Мы помолчали, думая о несчастной девушке, а потом Авенариус открыл дверцу машины и кивнул мне:
— Входи! Возьму тебя с собой! Дам тебе кроссовки и нож!
Я знал, что если я не пойду с ним прокалывать шины, то он не найдет никого другого и останется в своем чудачестве одинок, как в изгнании. Мне ужасно хотелось пойти с ним, но было лень, я чувствовал, как откуда–то издалека приближается ко мне сон. И бегать по улицам после полуночи представлялось бессмысленной жертвой.
— Пойду домой. Пройдусь пешком, — сказал я и подал ему руку.
Он отъехал. Я смотрел вслед «мерседесу», испытывая угрызения совести, что предал друга. Затем я направился к дому, и мысли мои вскоре вернулись к девушке, у которой жажда самоуничтожения распускалась черным цветком.
Я подумал: и однажды, когда кончился рабочий день, она не пошла домой, а подалась прочь из города. Она ничего не замечала вокруг, не знала, лето сейчас, осень или зима, идет она берегом моря или вдоль фабрики; она же давно не жила в мире; единственным ее миром была ее душа.
15
Она ничего не замечала вокруг, не знала, лето сейчас, осень или зима, идет она берегом моря или вдоль фабрики, и если она шла, то шла лишь потому, что душа, полная тревоги, жаждет движения, не в силах оставаться на месте, ибо вне движения начинает невыносимо болеть. Это так же, как при сильной зубной боли: что–то вынуждает вас ходить из угла в угол по комнате; в этом нет никакого разумного довода, потому что движение не может уменьшить боль, но невесть почему больной зуб умоляет вас двигаться.
Итак, девушка шла и очутилась на большой автостраде, по которой со свистом проносились машины, шла она по обочине, от одной каменной тумбы до другой, и, не обращая ни на что внимания, смотрела лишь в свою душу, в которой видела все те же несколько образов унижения. Она не могла оторвать от них глаз; лишь по временам, когда мимо с ревом проносился мотоцикл и у нее от этого рева чуть не лопались барабанные перепонки, она осознавала, что внешний мир существует; но этот мир для нее не имел никакого значения, это было пустое пространство, пригодное лишь к тому, чтобы идти и перемещать с места на место свою больную душу в надежде, что она будет меньше болеть.

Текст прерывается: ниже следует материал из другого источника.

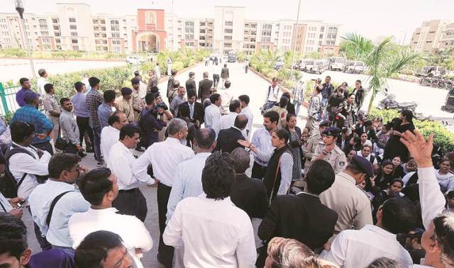 Broken window panes, doors and furniture remind of the commotion that the new building witnessed from the very first day — March 19 — when over 2,500 lawyers began their protest. The stalemate continued for a week, and was resolved only after a committee of senior lawyers met the Chief Justice of Gujarat High Court. The agitating advocates finally agreed to resume work, but they continue to protest in their unique way.

Она уже давно собиралась покончить с собой под колесами машины. Но машины, мчавшиеся на огромной скорости по дороге, вселяли в нее страх, они были в тысячу раз сильнее ее; она и представить себе не могла, откуда у нее возьмется смелость броситься под колеса. Если только броситься на них, навстречу им, но на это не было сил, как не было их и тогда, когда ей хотелось кричать на заведующего, в чем–то несправедливо ее упрекавшего.
Она вышла из города, когда чуть смеркалось, а теперь была ночь. У нее болели ноги, она знала, что далеко не уйти. В этот момент усталости она увидела на большом указателе направления освещенное слово «Дижон».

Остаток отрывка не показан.